Karim Khan, impartial ? Oui, mais des experts en Israël restent sur la défensive

Un nouveau procureur a été nommé à La Haye - et il est probable qu'il poursuive les enquêtes sur Israël et les Etats-Unis étudiées par Fatou Bensoua

Lazar Berman

Lazar Berman est le correspondant diplomatique du Times of Israël

Le nouveau procureur de la CPI, Karim Khan, à Bagdad, le 27 juillet 2019. (Sabah Arar/AFP)
Le nouveau procureur de la CPI, Karim Khan, à Bagdad, le 27 juillet 2019. (Sabah Arar/AFP)

Israël est potentiellement ciblé par une enquête internationale sur d’éventuels crimes de guerre commis à Gaza. Jérusalem porte toute son attention sur le nouveau procureur Karim Khan car il est probable qu’il change l’orientation de la Cour pénale internationale (CPI).

Bien qu’il ne soit pas certain qu’il décide véritablement de changer l’orientation de la Cour et qu’il est probable qu’il entame des enquêtes sur le comportement d’Israël dans la bande de Gaza, notamment dans ses guerres contre le groupe terroriste palestinien du Hamas, les Israéliens voient plutôt d’un bon œil sa nomination.

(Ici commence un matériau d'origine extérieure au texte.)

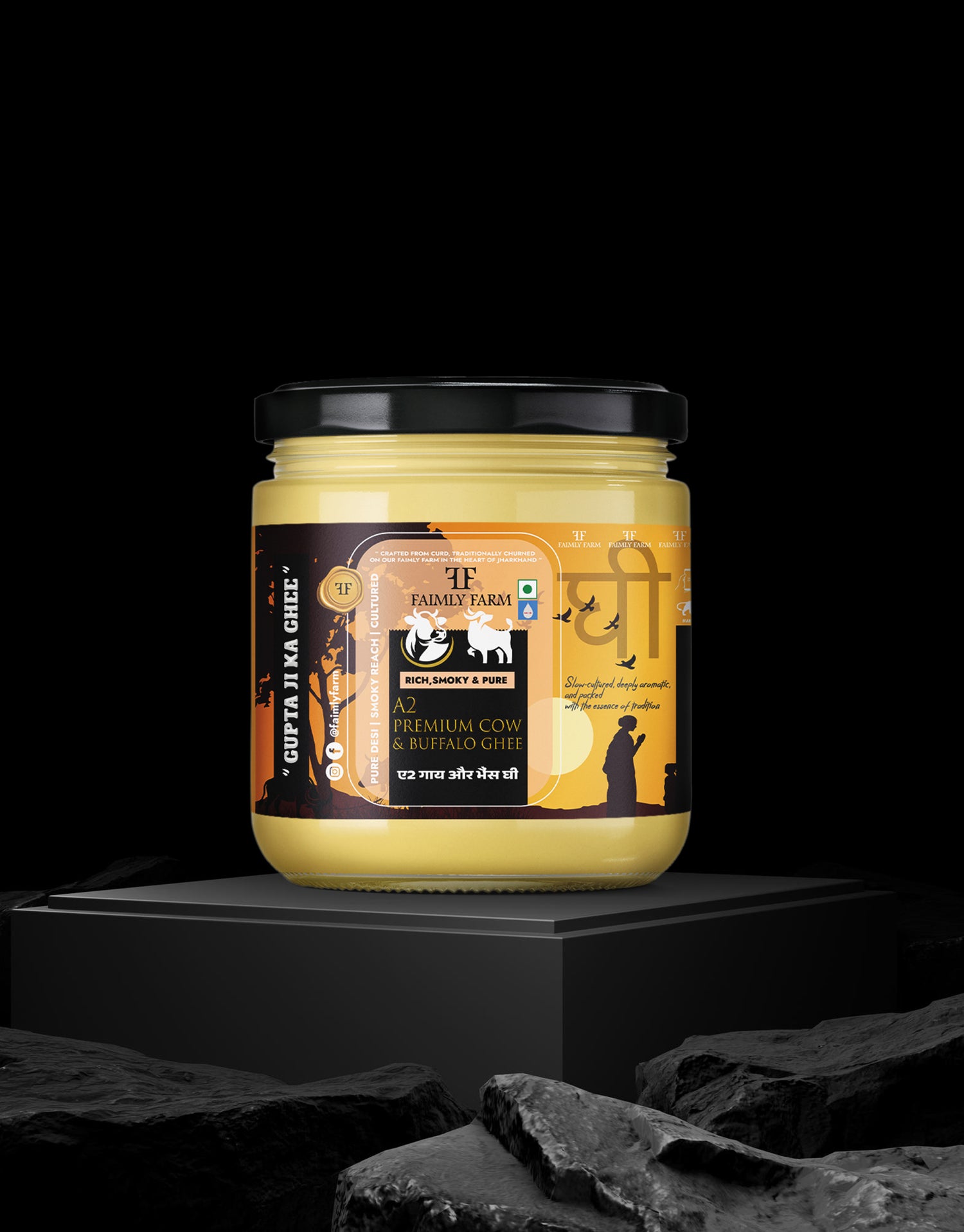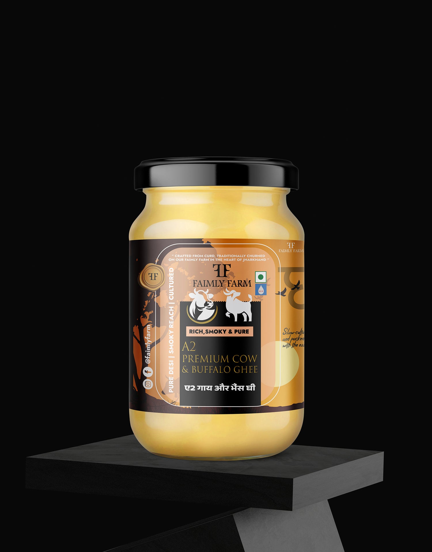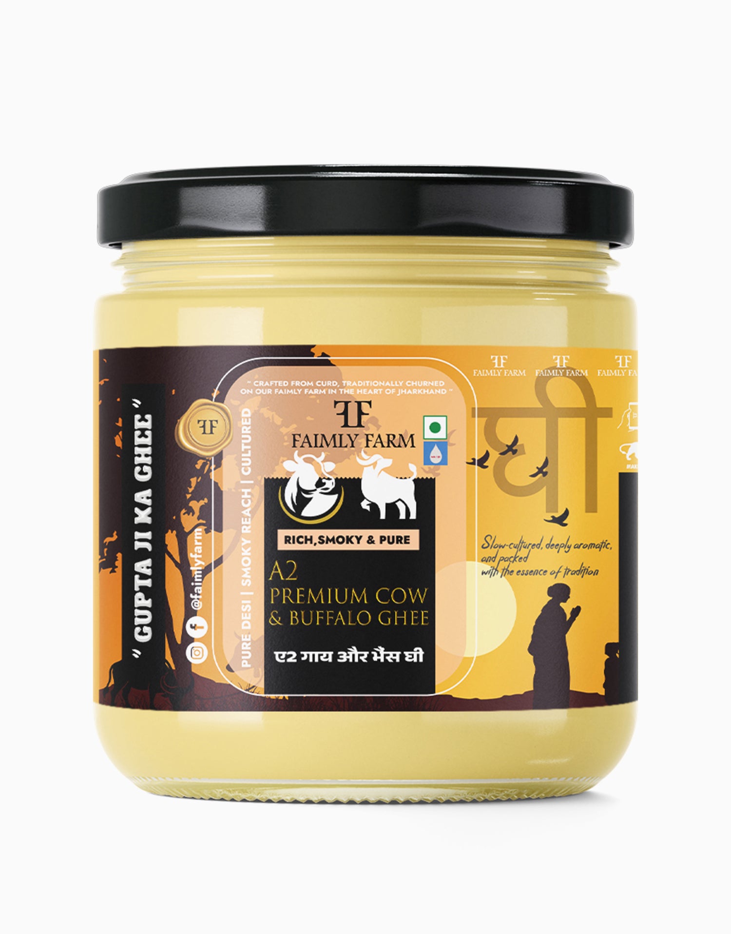 Faimly Farm (Freshly Cultured A2 Ghee) – Pure Desi | Smoky Reach | Cultured - Cultured A2 Cow & Buffalo Blend Ghee Fresh and Premium is crafted from curd of native desi cow and buffalo milk using the traditional bilona method. Slow-cooked to a smoky finish, it offers a rich aroma, danedar texture, and balanced nutrition.
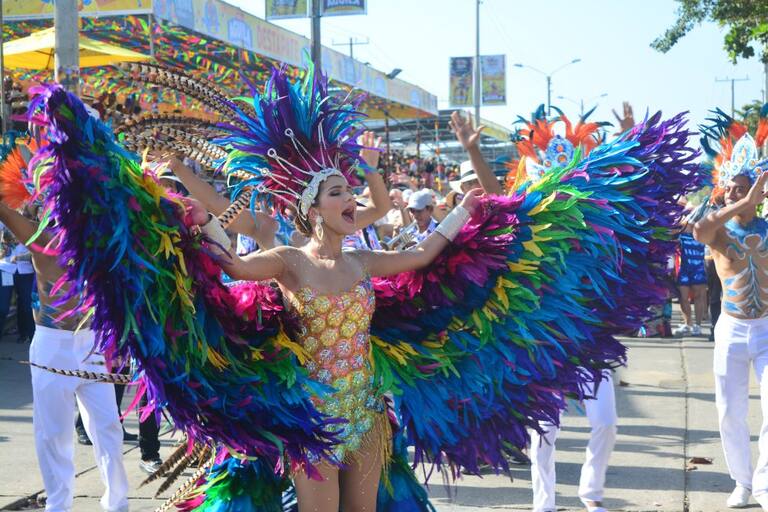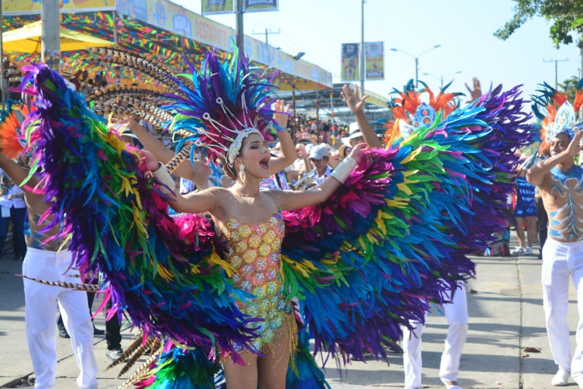 Haciendo alusión a las aves, la reina del Carnaval Valeria Abuchaibe lució un hermoso diseño denominado “Vuelo de Fantasía”.

De surcroît, il se félicite du départ de l’ancienne procureure en charge du dossier, Fatou Bensouda.

La parlementaire Michal Cotler-Wunsh (Kakhol lavan), chargée des questions liées à la CPI au sein de la Knesset, a déclaré récemment que la nomination de M. Khan « laisse entrevoir la possibilité pour la CPI de remplir son importante mission : défendre, promouvoir et protéger les droits de tous ceux qui en ont besoin comme tribunal de dernier recours ».

Dans sa déclaration, elle a particulièrement mis en avant le travail de Khan dans les enquêtes menées sur les crimes de guerre commis par l’État islamique en Irak. « Khan s’est montré pro-actif en faveur des droits de l’Homme, notamment pour la défense des victimes Yazidis en Irak, » a précisé Michal Cotler-Wunsh au Times of Israël.

La députée Michal Cotler-Wunsh (Kakhol lavan) lors d’une table ronde de la Knesset sur l’antisémitisme dans les médias sociaux, 14 octobre 2020. (Capture d’écran)

Khan, âgé de 50 ans, a une très longue carrière judiciaire. Il a participé à certaines des plus grandes enquêtes internationales pour crimes de guerre, soit du côté des victimes soit du côté des accusés. L’avocat britannique a conseillé des procureurs lors des procès liés à l’ex-Yougoslavie et au Rwanda. Il a également défendu des personnalités controversées à l’instar de Seif Al-Islam Kadhafi, fils du dictateur libyen, ou encore le président libérien Charles Taylor.

Khan a obtenu les voix de 123 Etats membres de la CPI, vendredi. Ce qui lui a offert la victoire face à l’autre prétendant irlandais, Fergal Gaynor. En juin 2021, il deviendra le troisième procureur général de l’histoire de la CPI, succédant à la Gambienne Fatou Bensouda.

Selon Emmanuel Navon, politologue franco-israélien et chercheur au sein de l’Institut pour la stratégie et la sécurité de Jérusalem, Khan ne fait pas de politique contrairement à Bensouda.

Certains observateurs avancent l’idée que Bensouda fut nommée sous la pression des États africains de la Cour, qui considéraient que la CPI ne se focalise que sur des affaires africaines au détriment d’autres régions.

Emmanuel Navon sur la chaine i24News. (Crédit : CC BY-SA 4.0)

L’accusation des États africains est toujours d’actualité. En 2015, malgré l’annonce publique de Bensouda précisant que des enquêtes internationales étaient en cours en Afghanistan, en Irak, en Colombie, en Palestine et en Ukraine, une part importante des États africains membres de la cour, ont continué à porter l’accusation selon laquelle la CPI ne viserait que l’Afrique.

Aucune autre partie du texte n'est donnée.